The European Commission and the Ministry of Commerce of the People’s Republic of China have signed a best practices agreement for collaboration in the review of mergers and acquisitions. The agreement aims to provide “practical guidance” to further strengthen cooperation and to facilitate closer communication between parties about procedural and substantive issues.

Although it remains to be seen to what extent the new framework will affect the level of cooperation, the intentions of the European Commission and MOFCOM are expected to lead to the merger review processes becoming more uniform. This may also result in more consistency in outcomes. We will keep you informed of further developments.

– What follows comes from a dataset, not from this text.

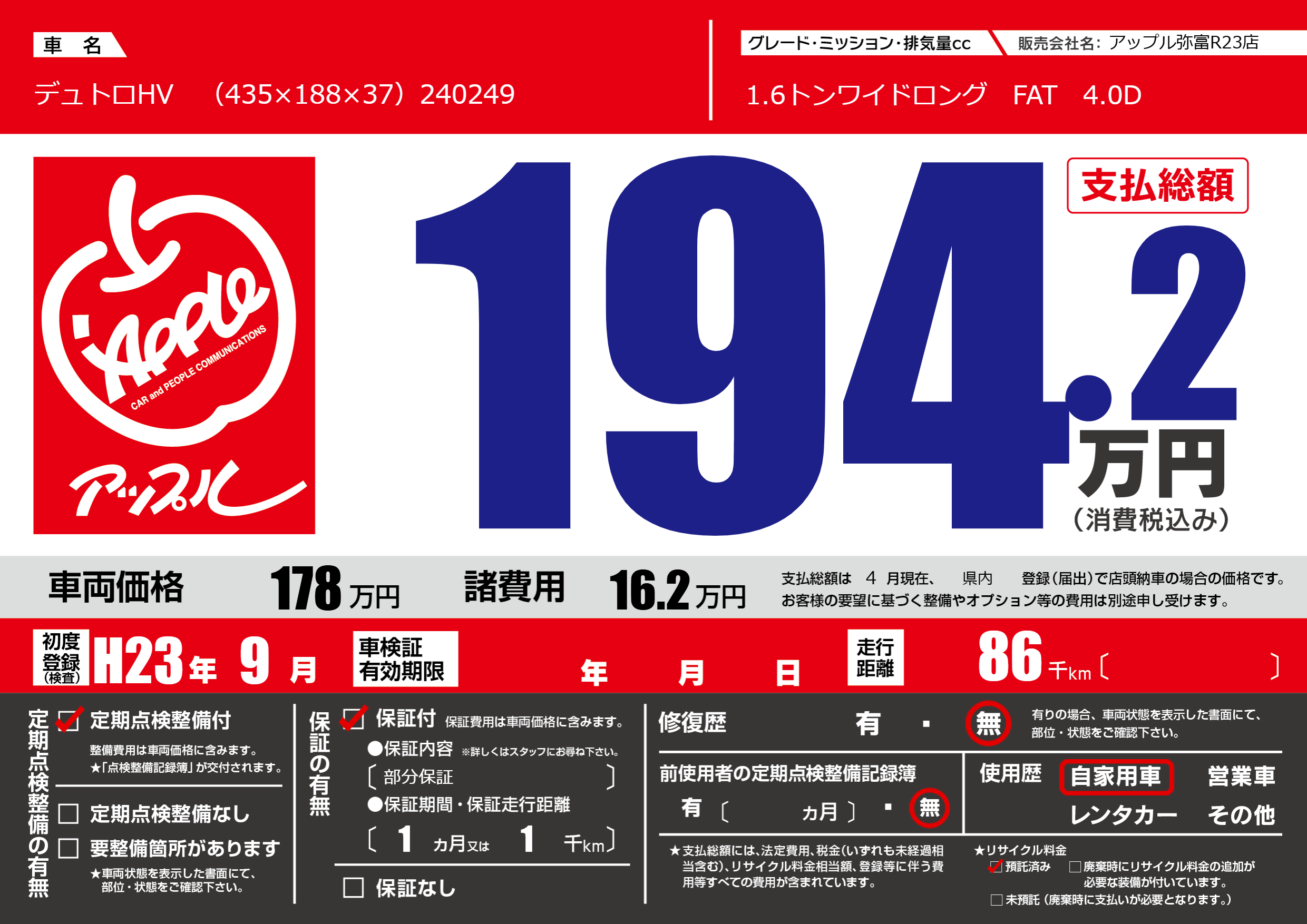 | 車名 | デュトロHV (435×188×37)240249 | グレード ミッション 排気量 |

The agreement, which was signed on 15 October 2015, aims to provide “practical guidance” to increase the level of coordination and interaction between the European competition authority and its Chinese counterpart. According to the agreement, both competition authorities have a common interest in merger review outcomes that are efficient, consistent and non-conflicting.

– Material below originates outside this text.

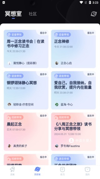 用户可在该板块查看多个冥想室,挑选心仪的房间开启冥想之旅。

China’s merger control regime has become an increasingly important consideration for global transactions, and the country is today considered one of the world’s major merger control enforcers. In recent years, MOFCOM has increased its enforcement of the obligation, under China’s Anti-Monopoly Law, to report notifiable transactions and has started publishing the fines it has imposed on parties infringing this obligation.

The European Commission and MOFCOM signed their first cooperation agreement in 2004 and have expanded their cooperation in recent years. As part of their efforts to further strengthen cooperation, both parties have now agreed to communicate more closely about procedural and substantive issues, such as the definition of relevant markets, the assessment of the competitive impact and the design of remedies. In addition, the new guidance provides for the opportunity to coordinate information requests to the parties involved in the transaction and the designation of a liaison officer who facilitates case cooperation.

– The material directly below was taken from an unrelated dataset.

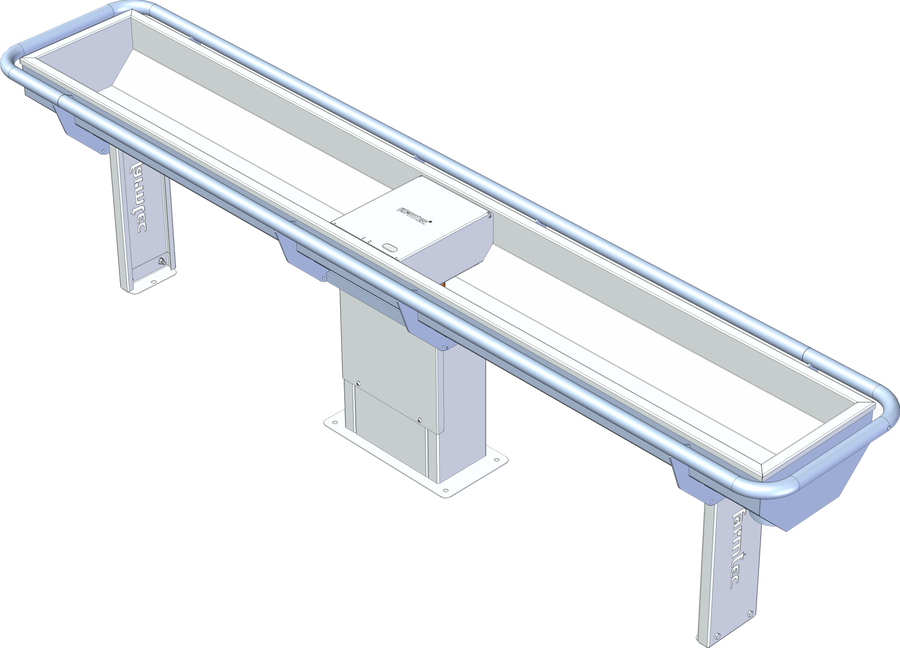 Těleso žlabu se skládá z žárově zinkovaného skeletu a nerezové vany, v níž je vodní hladina. Varianta nohy N nerezový svařenec pro upevnění žlabu na hotový beton s výškou hladiny žlabu 800 mm nad podlahou.

The extent to which the new framework will lead to greater cooperation between the competition authorities in Europe and China remains unclear, as details of the framework agreement’s implementation are not yet known. However, we expect that the intentions of the European Commission and MOFCOM as reflected in the framework agreement will eventually lead to more coordinated and uniform merger review processes and potentially also result in more consistency in outcomes.